Collected data
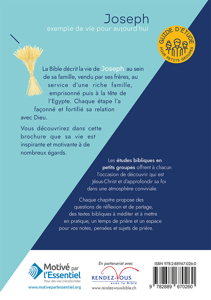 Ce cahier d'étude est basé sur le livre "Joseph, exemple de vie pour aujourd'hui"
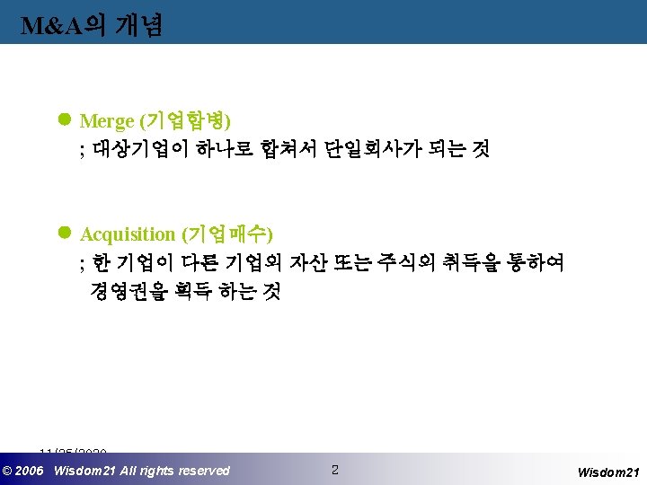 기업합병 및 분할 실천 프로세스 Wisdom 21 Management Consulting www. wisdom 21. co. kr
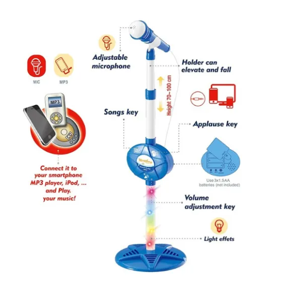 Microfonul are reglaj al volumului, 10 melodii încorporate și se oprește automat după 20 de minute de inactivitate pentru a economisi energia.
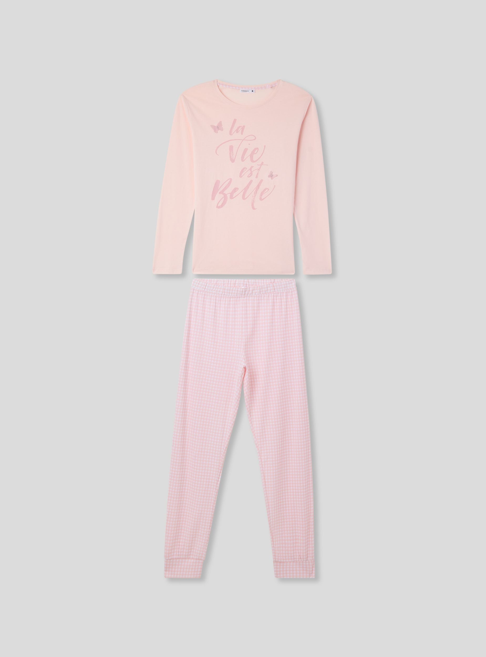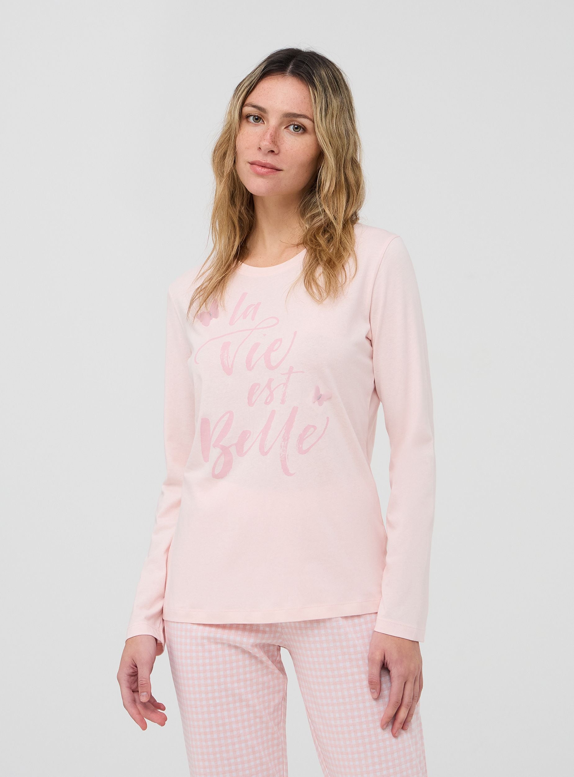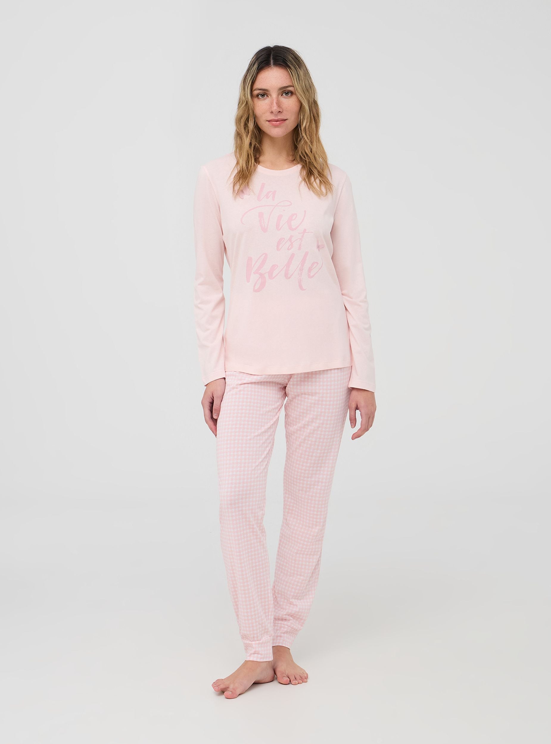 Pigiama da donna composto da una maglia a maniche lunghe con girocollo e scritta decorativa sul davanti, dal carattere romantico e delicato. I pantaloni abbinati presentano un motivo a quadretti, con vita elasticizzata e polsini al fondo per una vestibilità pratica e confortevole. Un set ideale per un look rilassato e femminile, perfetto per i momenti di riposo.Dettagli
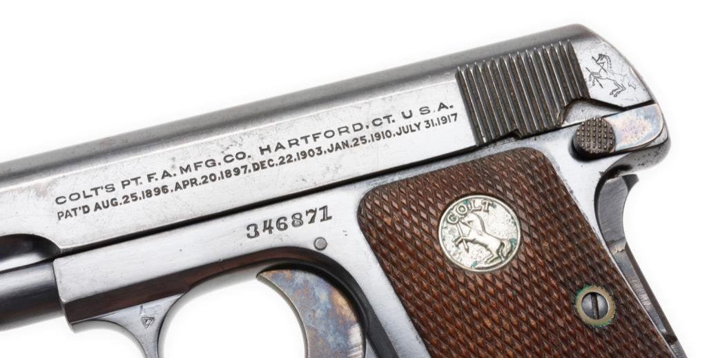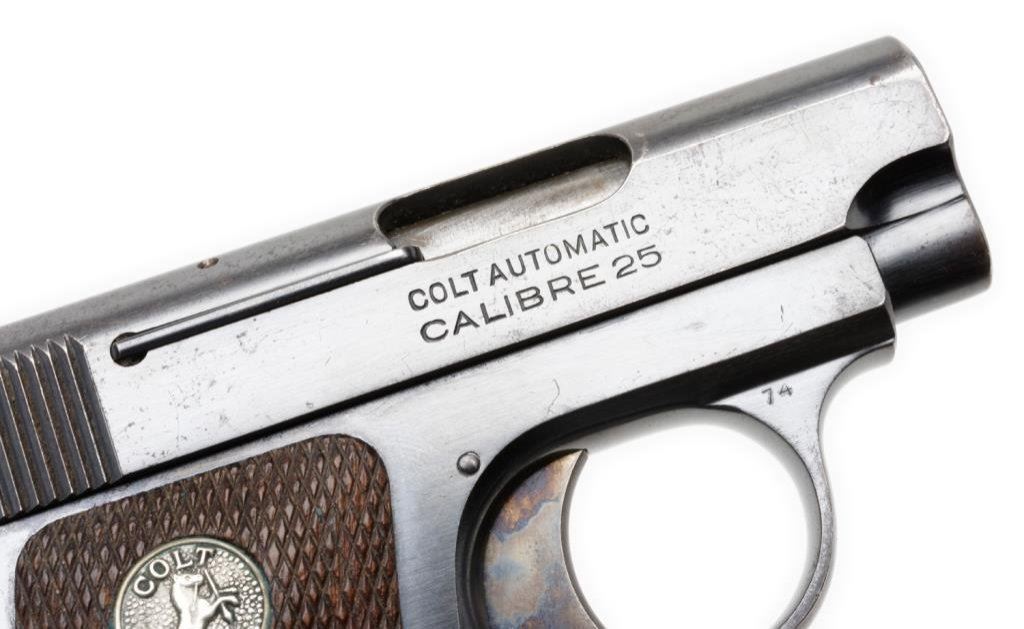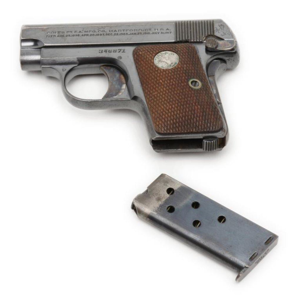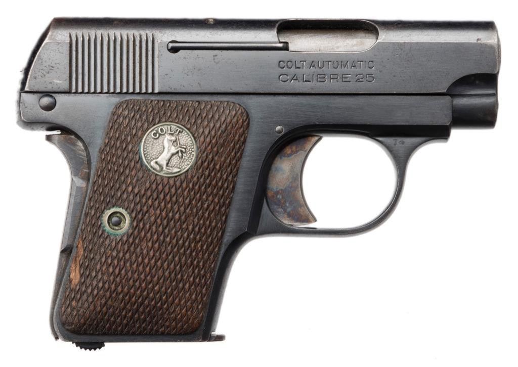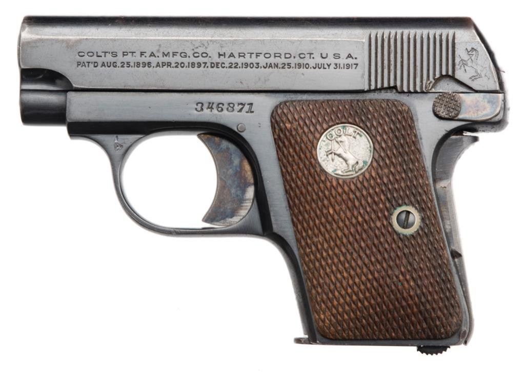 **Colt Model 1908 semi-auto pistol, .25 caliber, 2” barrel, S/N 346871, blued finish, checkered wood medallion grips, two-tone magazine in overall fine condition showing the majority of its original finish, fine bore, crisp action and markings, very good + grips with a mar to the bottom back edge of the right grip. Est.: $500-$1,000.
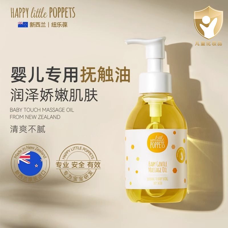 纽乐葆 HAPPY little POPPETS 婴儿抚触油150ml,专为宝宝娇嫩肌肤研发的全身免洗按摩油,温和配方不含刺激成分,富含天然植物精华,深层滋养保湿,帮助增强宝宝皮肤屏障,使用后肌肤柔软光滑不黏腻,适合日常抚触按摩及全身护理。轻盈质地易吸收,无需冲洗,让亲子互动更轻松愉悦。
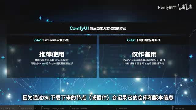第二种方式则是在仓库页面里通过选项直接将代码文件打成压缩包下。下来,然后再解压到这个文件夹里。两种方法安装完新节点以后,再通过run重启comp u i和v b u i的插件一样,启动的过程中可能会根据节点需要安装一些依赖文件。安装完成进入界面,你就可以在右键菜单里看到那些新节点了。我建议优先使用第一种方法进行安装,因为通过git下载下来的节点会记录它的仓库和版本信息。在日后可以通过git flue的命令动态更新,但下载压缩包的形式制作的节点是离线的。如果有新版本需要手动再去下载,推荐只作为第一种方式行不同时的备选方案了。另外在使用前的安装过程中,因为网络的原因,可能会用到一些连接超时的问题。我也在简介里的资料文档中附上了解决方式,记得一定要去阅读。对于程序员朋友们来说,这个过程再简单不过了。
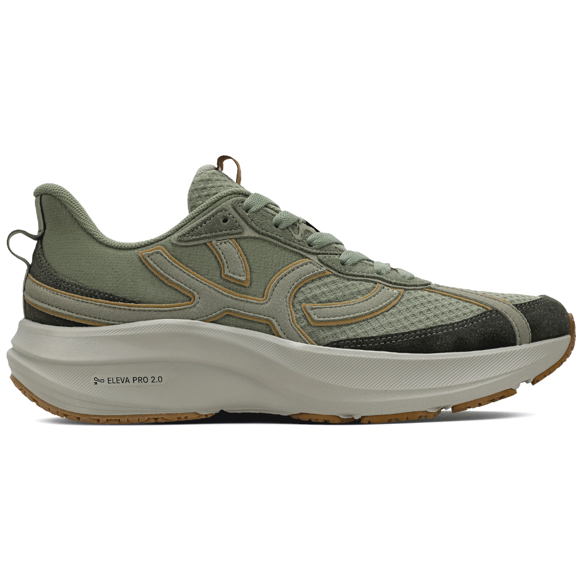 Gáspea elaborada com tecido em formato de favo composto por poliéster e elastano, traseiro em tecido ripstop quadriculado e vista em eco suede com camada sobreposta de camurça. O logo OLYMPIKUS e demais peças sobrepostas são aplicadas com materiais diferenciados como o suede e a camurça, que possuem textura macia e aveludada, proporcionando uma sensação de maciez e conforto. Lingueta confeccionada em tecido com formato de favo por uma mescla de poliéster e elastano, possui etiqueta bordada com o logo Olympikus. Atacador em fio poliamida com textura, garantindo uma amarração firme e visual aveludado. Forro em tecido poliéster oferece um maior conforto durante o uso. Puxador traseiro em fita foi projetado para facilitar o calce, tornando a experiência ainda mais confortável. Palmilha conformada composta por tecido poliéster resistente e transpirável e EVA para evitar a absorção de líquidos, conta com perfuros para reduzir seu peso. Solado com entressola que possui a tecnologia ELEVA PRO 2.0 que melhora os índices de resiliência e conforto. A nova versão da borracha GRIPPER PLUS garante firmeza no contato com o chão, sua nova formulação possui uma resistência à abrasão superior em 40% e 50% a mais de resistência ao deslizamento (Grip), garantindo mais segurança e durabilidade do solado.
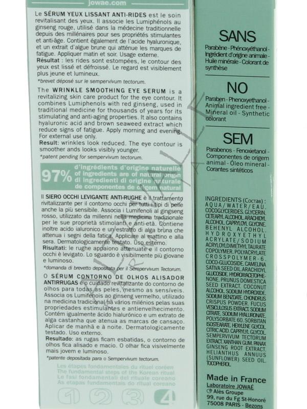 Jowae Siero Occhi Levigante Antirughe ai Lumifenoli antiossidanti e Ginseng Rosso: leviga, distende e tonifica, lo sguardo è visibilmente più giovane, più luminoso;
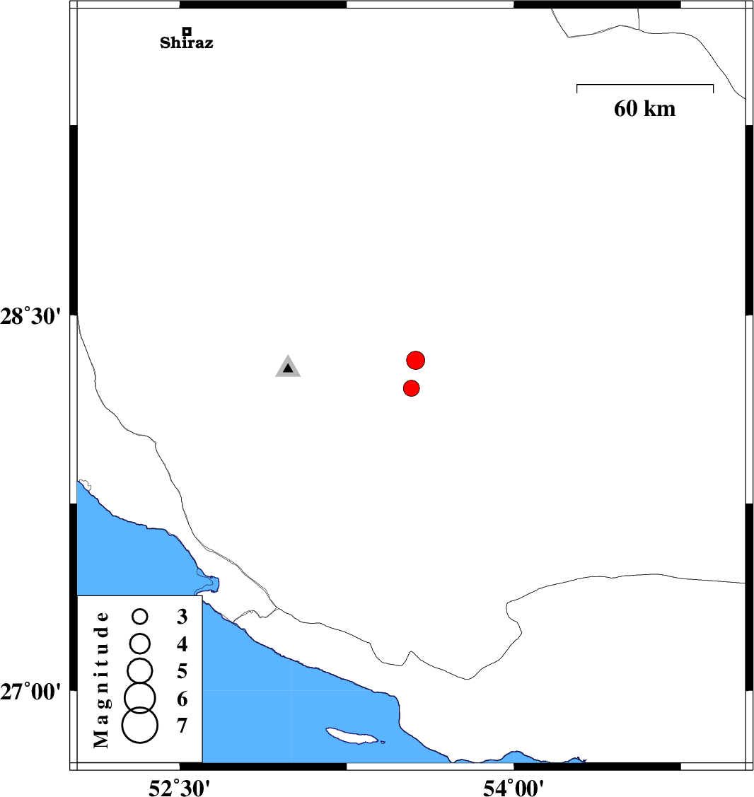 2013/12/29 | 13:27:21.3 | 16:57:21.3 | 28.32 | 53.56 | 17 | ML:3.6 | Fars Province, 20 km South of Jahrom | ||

#### [REQUIRED ACTION]
If an entry contains a picture, leave it out and repeat the rest exactly.

#### [TASK RESULT]
 Ce cahier d'étude est basé sur le livre "Joseph, exemple de vie pour aujourd'hui"
 기업합병 및 분할 실천 프로세스 Wisdom 21 Management Consulting www. wisdom 21. co. kr
 Microfonul are reglaj al volumului, 10 melodii încorporate și se oprește automat după 20 de minute de inactivitate pentru a economisi energia.
 Pigiama da donna composto da una maglia a maniche lunghe con girocollo e scritta decorativa sul davanti, dal carattere romantico e delicato. I pantaloni abbinati presentano un motivo a quadretti, con vita elasticizzata e polsini al fondo per una vestibilità pratica e confortevole. Un set ideale per un look rilassato e femminile, perfetto per i momenti di riposo.Dettagli
 **Colt Model 1908 semi-auto pistol, .25 caliber, 2” barrel, S/N 346871, blued finish, checkered wood medallion grips, two-tone magazine in overall fine condition showing the majority of its original finish, fine bore, crisp action and markings, very good + grips with a mar to the bottom back edge of the right grip. Est.: $500-$1,000.
 纽乐葆 HAPPY little POPPETS 婴儿抚触油150ml,专为宝宝娇嫩肌肤研发的全身免洗按摩油,温和配方不含刺激成分,富含天然植物精华,深层滋养保湿,帮助增强宝宝皮肤屏障,使用后肌肤柔软光滑不黏腻,适合日常抚触按摩及全身护理。轻盈质地易吸收,无需冲洗,让亲子互动更轻松愉悦。
第二种方式则是在仓库页面里通过选项直接将代码文件打成压缩包下。下来,然后再解压到这个文件夹里。两种方法安装完新节点以后,再通过run重启comp u i和v b u i的插件一样,启动的过程中可能会根据节点需要安装一些依赖文件。安装完成进入界面,你就可以在右键菜单里看到那些新节点了。我建议优先使用第一种方法进行安装,因为通过git下载下来的节点会记录它的仓库和版本信息。在日后可以通过git flue的命令动态更新,但下载压缩包的形式制作的节点是离线的。如果有新版本需要手动再去下载,推荐只作为第一种方式行不同时的备选方案了。另外在使用前的安装过程中,因为网络的原因,可能会用到一些连接超时的问题。我也在简介里的资料文档中附上了解决方式,记得一定要去阅读。对于程序员朋友们来说,这个过程再简单不过了。
 Gáspea elaborada com tecido em formato de favo composto por poliéster e elastano, traseiro em tecido ripstop quadriculado e vista em eco suede com camada sobreposta de camurça. O logo OLYMPIKUS e demais peças sobrepostas são aplicadas com materiais diferenciados como o suede e a camurça, que possuem textura macia e aveludada, proporcionando uma sensação de maciez e conforto. Lingueta confeccionada em tecido com formato de favo por uma mescla de poliéster e elastano, possui etiqueta bordada com o logo Olympikus. Atacador em fio poliamida com textura, garantindo uma amarração firme e visual aveludado. Forro em tecido poliéster oferece um maior conforto durante o uso. Puxador traseiro em fita foi projetado para facilitar o calce, tornando a experiência ainda mais confortável. Palmilha conformada composta por tecido poliéster resistente e transpirável e EVA para evitar a absorção de líquidos, conta com perfuros para reduzir seu peso. Solado com entressola que possui a tecnologia ELEVA PRO 2.0 que melhora os índices de resiliência e conforto. A nova versão da borracha GRIPPER PLUS garante firmeza no contato com o chão, sua nova formulação possui uma resistência à abrasão superior em 40% e 50% a mais de resistência ao deslizamento (Grip), garantindo mais segurança e durabilidade do solado.
 Jowae Siero Occhi Levigante Antirughe ai Lumifenoli antiossidanti e Ginseng Rosso: leviga, distende e tonifica, lo sguardo è visibilmente più giovane, più luminoso;
 2013/12/29 | 13:27:21.3 | 16:57:21.3 | 28.32 | 53.56 | 17 | ML:3.6 | Fars Province, 20 km South of Jahrom | ||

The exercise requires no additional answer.